[Opening Collected data section]

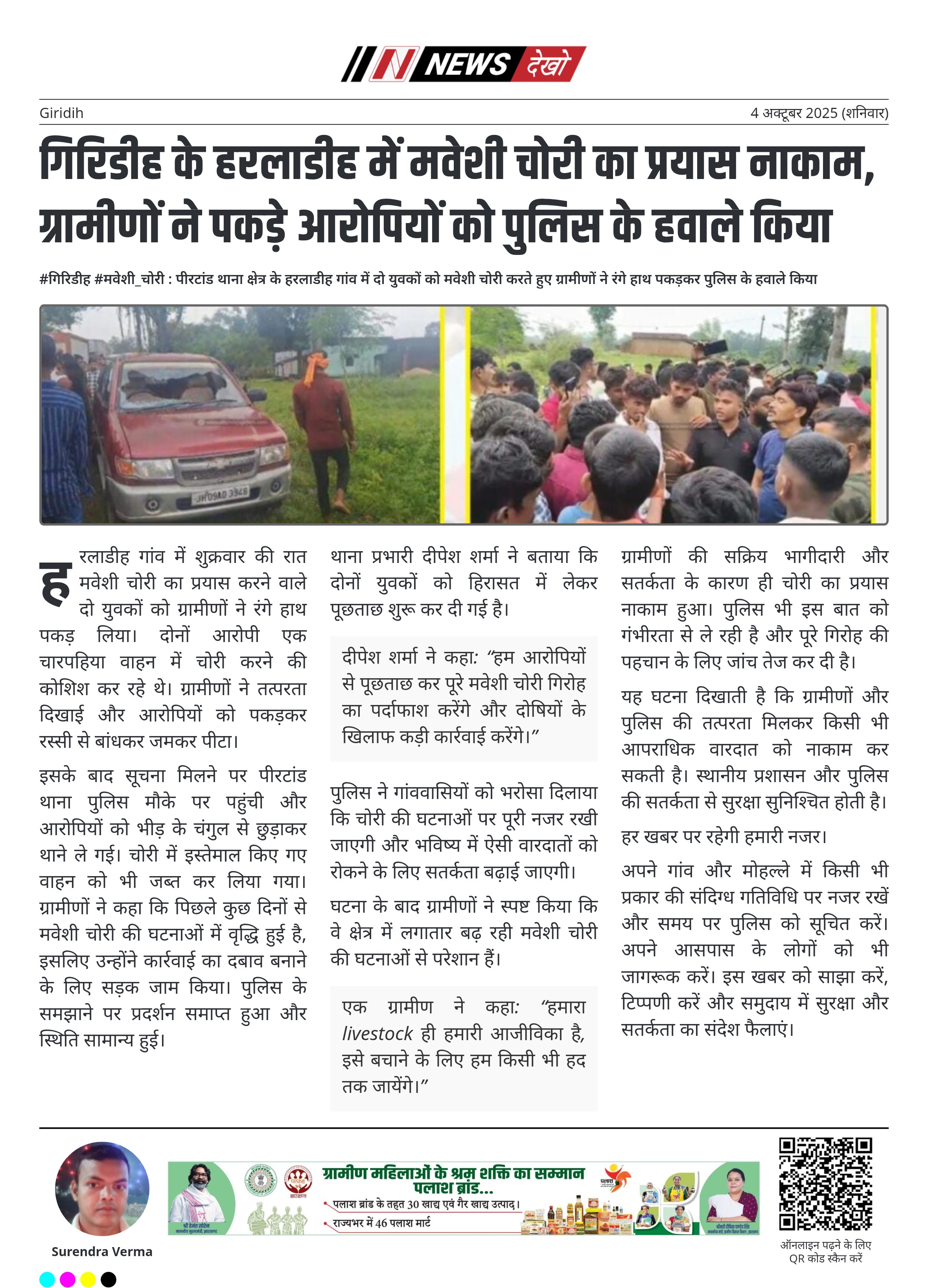 न्यूज़ देखो: गिरिडीह में ग्रामीणों और पुलिस की संयुक्त सतर्कता ने मवेशी चोरी रोकने में सफलता दिलाई
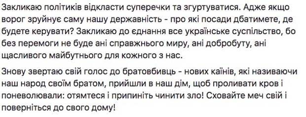 «Украинский народ может дать лишь один ответ на это нападение — мужественно противостоять врагу, встав на защиту родного края… Призываю к единению все украинское общество, потому что без победы не будет ни настоящего мира, ни благосостояния, ни счастливого будущего для каждого из нас», — написал предстоятель УПЦ КП.
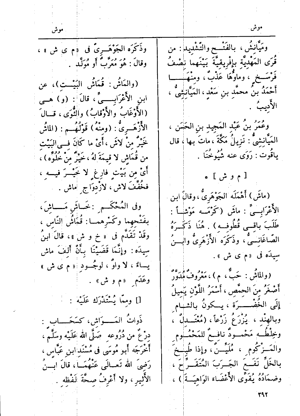 . {ماشَ أَهْمَلَه الجَوْهَرِيُّ، وقالَ ابْن الأَعْرَابِيِّ: ماشَ كَرْمَه} مَوْشاً: طَلَبَ باقِي قُطُوفِهِ. هُنَا ذَكَرَهُ الصّاغَانِيُّ، وذَكَرَه الأَزْهَرِيُّ وابنُ سِيدَه فِي م ي ش. {والماشُ: حَبٌّ، م، مَعْرُوفٌ مُدَوَّرٌ أَصْغَرُ مِنَ الحِمَّصِ، أَسْمَرُ اللَّوْنِ يَمِيلُ إِلَى الخُضْرَة، يكونُ بالشامِ وبالهِنْدِ، يُزْرَعُ زَرْعاً، مُعْتَدِلٌ، وخِلْطُه مَحْمودٌ نافِعٌ للمَحْمُومِ والمَزْكُومِ، مُلَيِّنٌ، وإِذا طُبِخَ بالخَلِّ نَفَعَ الجَرَبَ المُتَقَرِّحَ، وضمَادُهُ يُقَوِّي الأَعْضَاءَ الوَاهِيَةَ، وذَكَرَه الجَوْهَرِيُ فِي م ي ش، وقالَ: هُوَ مُعَرَّبٌ أَو مُوَلَّد. والمَاشُ: قُمَاشُ البَيْتِ، عَن ابنِ الأَعْرَابِيِّ، قالَ: وَهِي الأَوْغَابُ والأَوْقابُ والثُّوَى، قالَ الأَزْهَرِيُّ: ومِنْهُ قَوْلُهُم: الماشُ خَيْرٌ مِنْ لاشَ، أَيْ مَا كَانَ فِي البَيْتِ من قُمَاشٍ لَا قِيمَةَ لَهُ، خَيْرٌ مِنْ خُلُوِّه، أَيْ مِنْ بَيْتٍ فارِغٍ لَا خَيْرَ فيهِ، فخُفِّفَ لاش، لازْدِوَاجِ ماش. وَفِي المُحْكَمِ: خَاشَ مَاشَ، بفَتْحِهِما وكَسْرِهما: قُمَاشُ النّاسِ، وقَدْ تَقَدَّم فِي خَ وش، قالَ ابنُ سِيدَه: وإِنَّمَا قَضَيْنَا بِأَنّ أَلِفَ ماش ياءٌ، لَا واوٌ، لوجُودِ م ي ش وعَدَمِ م وش. ومِمّا يُسْتَدْرك عَلَيْه: ذَواتُ} المَوَاشِ، كسَحَابٍ: دَرْعٌ من دُرُوعهِ صَلَّى الله عَلَيْه وسَلَّم، أَخْرَجَه أَبو مُوْسَى فِي مُسْنَدِ ابنِ عَبَّاسٍ، رَضِيَ الله تَعالَى عَنْهُمَا، قالَ ابنُ الأَثِيرِ، وَلَا أَعْرِفُ صِحَّةَ لَفْظِهِ.

[Closing Collected data section]

* Work task:
Skipping all images, print the data above a second time exactly.

* Your response:
 न्यूज़ देखो: गिरिडीह में ग्रामीणों और पुलिस की संयुक्त सतर्कता ने मवेशी चोरी रोकने में सफलता दिलाई
 «Украинский народ может дать лишь один ответ на это нападение — мужественно противостоять врагу, встав на защиту родного края… Призываю к единению все украинское общество, потому что без победы не будет ни настоящего мира, ни благосостояния, ни счастливого будущего для каждого из нас», — написал предстоятель УПЦ КП.
 . {ماشَ أَهْمَلَه الجَوْهَرِيُّ، وقالَ ابْن الأَعْرَابِيِّ: ماشَ كَرْمَه} مَوْشاً: طَلَبَ باقِي قُطُوفِهِ. هُنَا ذَكَرَهُ الصّاغَانِيُّ، وذَكَرَه الأَزْهَرِيُّ وابنُ سِيدَه فِي م ي ش. {والماشُ: حَبٌّ، م، مَعْرُوفٌ مُدَوَّرٌ أَصْغَرُ مِنَ الحِمَّصِ، أَسْمَرُ اللَّوْنِ يَمِيلُ إِلَى الخُضْرَة، يكونُ بالشامِ وبالهِنْدِ، يُزْرَعُ زَرْعاً، مُعْتَدِلٌ، وخِلْطُه مَحْمودٌ نافِعٌ للمَحْمُومِ والمَزْكُومِ، مُلَيِّنٌ، وإِذا طُبِخَ بالخَلِّ نَفَعَ الجَرَبَ المُتَقَرِّحَ، وضمَادُهُ يُقَوِّي الأَعْضَاءَ الوَاهِيَةَ، وذَكَرَه الجَوْهَرِيُ فِي م ي ش، وقالَ: هُوَ مُعَرَّبٌ أَو مُوَلَّد. والمَاشُ: قُمَاشُ البَيْتِ، عَن ابنِ الأَعْرَابِيِّ، قالَ: وَهِي الأَوْغَابُ والأَوْقابُ والثُّوَى، قالَ الأَزْهَرِيُّ: ومِنْهُ قَوْلُهُم: الماشُ خَيْرٌ مِنْ لاشَ، أَيْ مَا كَانَ فِي البَيْتِ من قُمَاشٍ لَا قِيمَةَ لَهُ، خَيْرٌ مِنْ خُلُوِّه، أَيْ مِنْ بَيْتٍ فارِغٍ لَا خَيْرَ فيهِ، فخُفِّفَ لاش، لازْدِوَاجِ ماش. وَفِي المُحْكَمِ: خَاشَ مَاشَ، بفَتْحِهِما وكَسْرِهما: قُمَاشُ النّاسِ، وقَدْ تَقَدَّم فِي خَ وش، قالَ ابنُ سِيدَه: وإِنَّمَا قَضَيْنَا بِأَنّ أَلِفَ ماش ياءٌ، لَا واوٌ، لوجُودِ م ي ش وعَدَمِ م وش. ومِمّا يُسْتَدْرك عَلَيْه: ذَواتُ} المَوَاشِ، كسَحَابٍ: دَرْعٌ من دُرُوعهِ صَلَّى الله عَلَيْه وسَلَّم، أَخْرَجَه أَبو مُوْسَى فِي مُسْنَدِ ابنِ عَبَّاسٍ، رَضِيَ الله تَعالَى عَنْهُمَا، قالَ ابنُ الأَثِيرِ، وَلَا أَعْرِفُ صِحَّةَ لَفْظِهِ.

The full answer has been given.